| Out of interest, what was wrong with it and how did you fix it? In 4 years I've never came across a cluster I was unable to fix, nor has it really broken without someone taking an unadvisable action on it. This may simply be because I started early enough that I was forced to manually configure the components and thus understand the underlying system well enough. Over time I have seen some interesting things though: - Changing the overlay network on running servers probably the silliest thing I've done. This wasn't on production, but figuring out where all the files are and deleting them was something pretty undocumented. - A few years back somebody ran a HA cluster without setting it as HA which resulted in occasional races where services keep changing IP addresses. I believe the ability to do this was patched out. - An upgrade caused a doubling of all pods once. This was back when deployments were alpha/beta and they changed how they were references in the underlying system, causing deployments to forget their replicasets, etc. Overall though, in 4 years I've spent very little time debugging clusters and more time debugging apps, which is what we want. |
You’re basically saying “the tool X is fine, you’re just inexperienced/undisciplined and using it wrong”. Which is fair critique if I was an intern, but I have a decade+ experience in development and operations and I look at kubernetes in disbelief - why should things be that complicated? I get it, everything is pluggable and configurable, but surely this must be balanced out by making it more approachable and convenient?
You can’t sneeze in kubernetes without it requiring you to generate some ssl certs to the point where it’s just cargo-culture without any consideration of purpose and security.
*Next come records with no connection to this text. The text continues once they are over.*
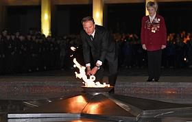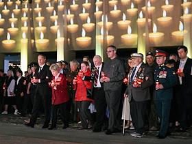 Всероссийская мемориальная акция "Свеча памяти", посвященная 83-й годовщине начала Великой Отечественной войны, на площади перед Музеем Победы. Заместитель председателя Государственной думы России Сергей Неверов (справа) во время акции.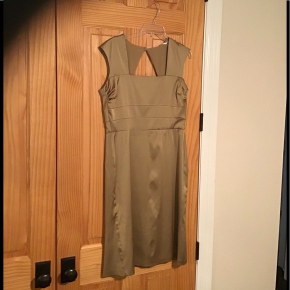 Very nice dress worn once to a wedding.lined silky fabric. Says 14 but fits like a 12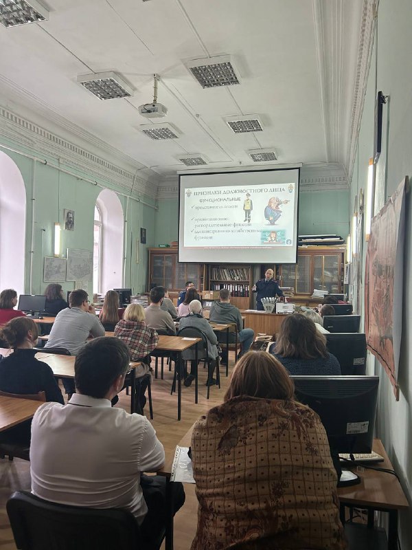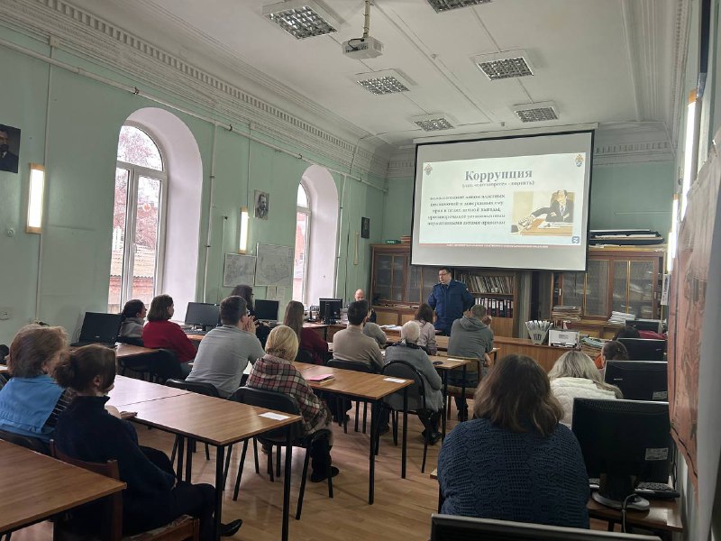 18 декабря 2025 года в рамках мероприятий по профилактике нарушений законодательства о противодействии коррупции в органах исполнительной власти и подведомственных учреждениях старший помощник прокурора Кировского района Ростова-на-Дону Иван Пахайло и кандидат юридических наук, доцент кафедры уголовного права и криминологии Ростовского филиала Санкт-Петербургской академии Следственного комитета, доцент кафедры уголовно-правовых дисциплин Ростовского филиала Российской таможенной академии Вячеслав Лавринов рассказали сотрудникам Государственного архива Ростовской области о важности соблюдения законодательства в области противодействия коррупции, разъяснили понятия «подарок» и «взятка» и статьи Уголовного кодекса Российской Федерации, в соответствии с которыми наступает ответственность за коррупционные действия.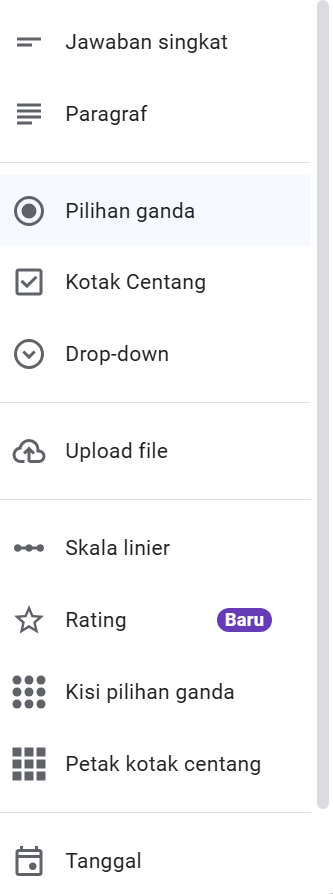Anda dapat menambahkan sejumlah jenis pertanyaan yang berbeda. Klik menu dropdown di sebelah kanan kolom pertanyaan dan pilih jenis pertanyaan yang ingin Anda gunakan.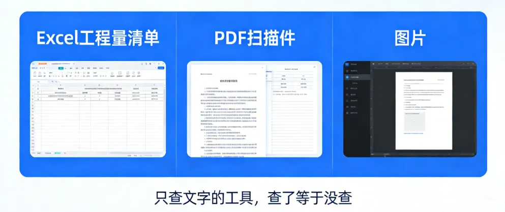 标书不只是文字。Excel工程量清单、PDF扫描件、图片——这些都得能查。 只查文字的工具,查了等于没查。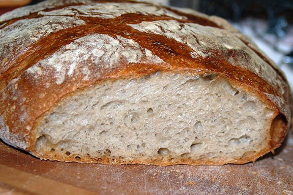 One thing that these breads have in common is hydration in the area of 80% and small amounts of yeast. This combination requires longer fermenting times and allows the development of flavorful acids. When handled gently, the bread that develops is airy and moist with great color and nutty after tastes.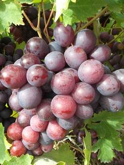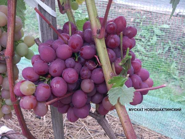Виноград Мускат Новошахтинский. Столовый виноград, является вариацией красных сортов. Сорт созревает рано, цветки опыляются самостоятельно (являются обоеполыми), что гарантирует обильные и постоянные урожаи.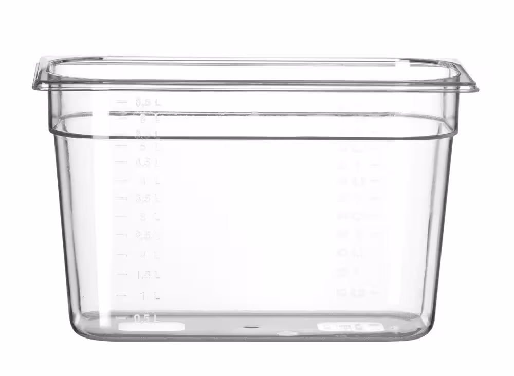 Bacs gastronormes professionnels de qualité extra en polycarbonate transparent.

And what’s up with dozens and dozens of bloated yamls and golang files? The fresh 30-odd commits ”official” flink operator is 3 THOUSAND lines of Go and 5 THOUSAND lines of yamls. How is that reasonable? In which universe is that reasonable? all it does is a for-loop that overwrites a bunch of pods to keep their spec in sync with desired config. There’s like 1000:1 boilerplate ratio in kubernetes and it’s considered good somehow?
Sorry for the rant, I’m just angry that we’re six decades into software engineering and the newest hottest project I the newest hottest line of work behaves like everybody should be paid per line of code they produce.